Every year since 1948, Gallup has polled Americans to find out what man and what woman they most admire. As you might expect, incumbent or sitting presidents and First Ladies usually top the list (one notable exception: Donald Trump only topped the list once, in 2020). Barack Obama and Dwight Eisenhower tie for the most selections as most admired man (each chosen 12 times), followed by a tie between Ronald Reagan and Bill Clinton (8 times). As for most admired woman, Hillary Clinton has been chosen 22 times, dramatically surpassing Eleanor Roosevelt (13), Margaret Thatcher (6) and Jacqueline Kennedy (5).
Maybe the more interesting poll was in 1999, when Gallup surveyed the most admired person of the 20th Century. Topping the list was Mother Teresa, followed by Martin Luther King, Jr., John F. Kennedy, Albert Einstein and Helen Keller. (The next five: Franklin D. Roosevelt, Billy Graham, Pope John Paul II, Eleanor Roosevelt and Winston Churchill.) Note the difference: This list did not just consist of who was admired and in power, but also extraordinary people whose accomplishments touch us at a human level. I’m thinking particularly about Mother Teresa and Helen Keller.

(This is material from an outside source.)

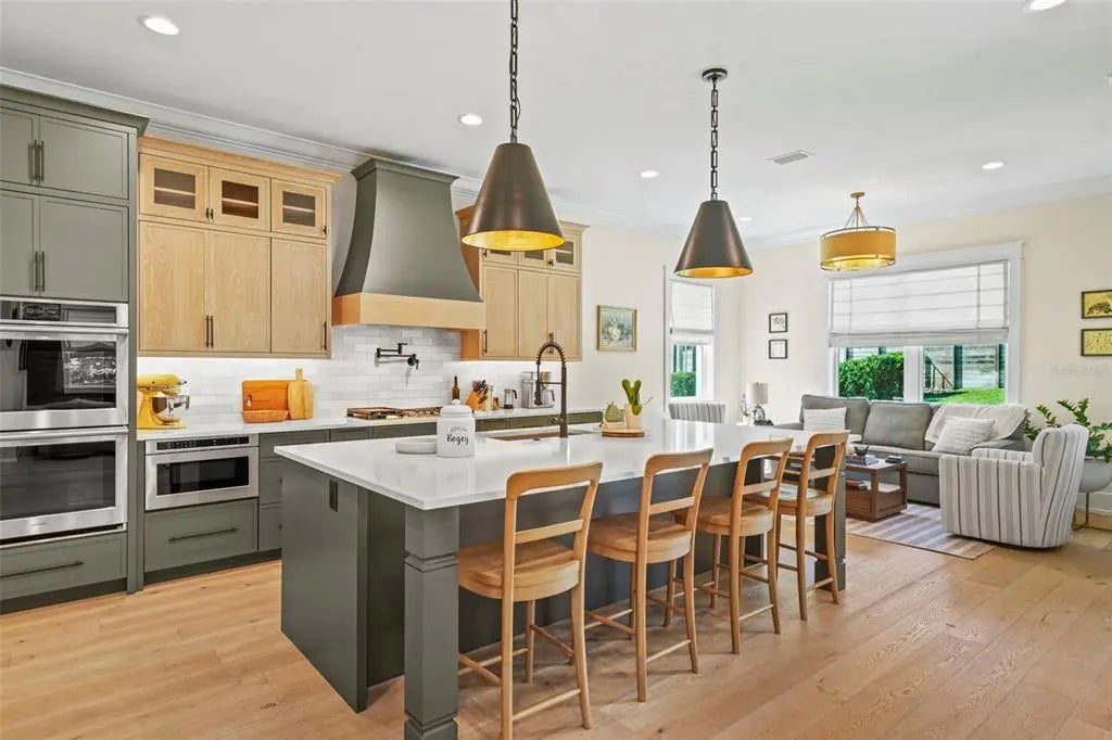Welcome to the Lake Hollingsworth legacy. Steps from Lake Hollingsworth and the Lakeland Country Club, this 5-bedroom, 5-full bathroom, newer-construction home offers luxury living amid historic elegance. From Amish cabinetry to natural hickory engineered wood floors throughout, meticulous attention to detail is evident in every corner of this home. Upon entry, you are welcomed by the current study, which has its own full bath and walk-in closet. The kitchen is the heart of the home and seamlessly flows into the breakfast nook, great room and additional den. A chef’s dream, this kitchen features stunning cabinetry, quartz countertops, a gas cooktop, double built-in ovens, a built-in microwave, a large walk-in pantry, and a stylish hood with a pot filler. The dry bar with a wine fridge completes this open-concept marvel, perfect for holidays and entertaining. Upstairs, you will find the primary suite along with three additional bedrooms, each equipped with walk-in closets and full bathrooms. Step out back to your own private backyard paradise, equipped with an outdoor kitchen, a saltwater pool, a lounge area, a putting green, and a grassy area for kids and dogs to play. The 2-car garage has an epoxy floor and connects to the drop zone mud room for convenient access into the home. As one of the only new construction homes in this neighborhood, you enjoy historic elegance and natural beauty, living a true Florida lifestyle. This one-of-a-kind luxury home is a must-see!
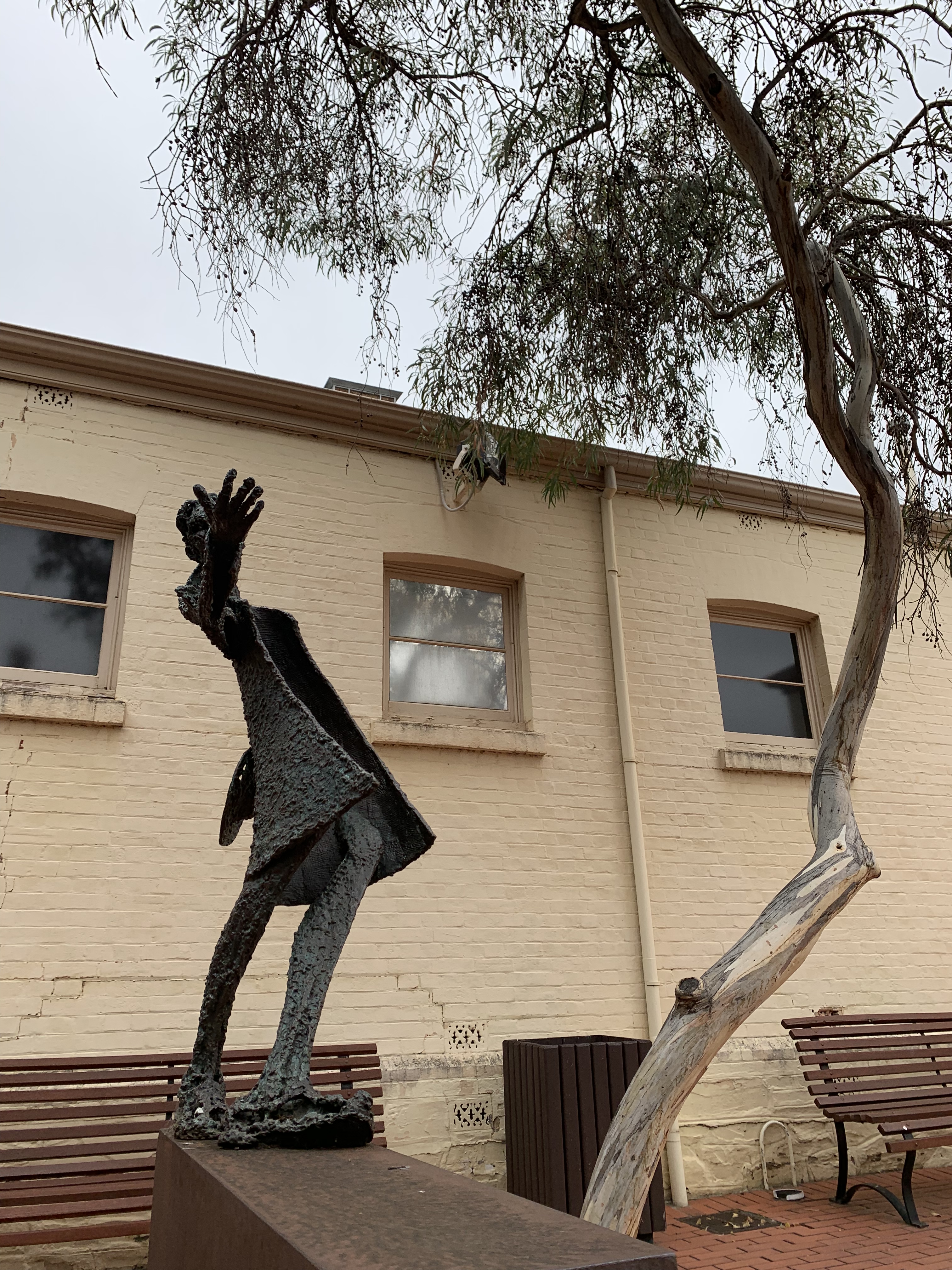 She occupies a corner of a courtyard at the Migration Museum in Adelaide, It is not a not particularly appealing space, yet I found myself moving closer, drawn to this skinny elongated form.

I admit that many of my dispatches have focused on some of the least admirable people among us, with the belief that by shining a light on them we can work to make things better. But this discussion thread is a chance to think differently and reflect on who among us deserve the spotlight for their admirable qualities. So here’s the question: Who do you admire most—and why? Feel free to mention people we all know, but also don’t hesitate to share someone who is not famous (perhaps a friend or a family member) yet possesses the qualities that you most admire. My hope: We can be reminded of admirable people and remember the kind of qualities that can improve our world.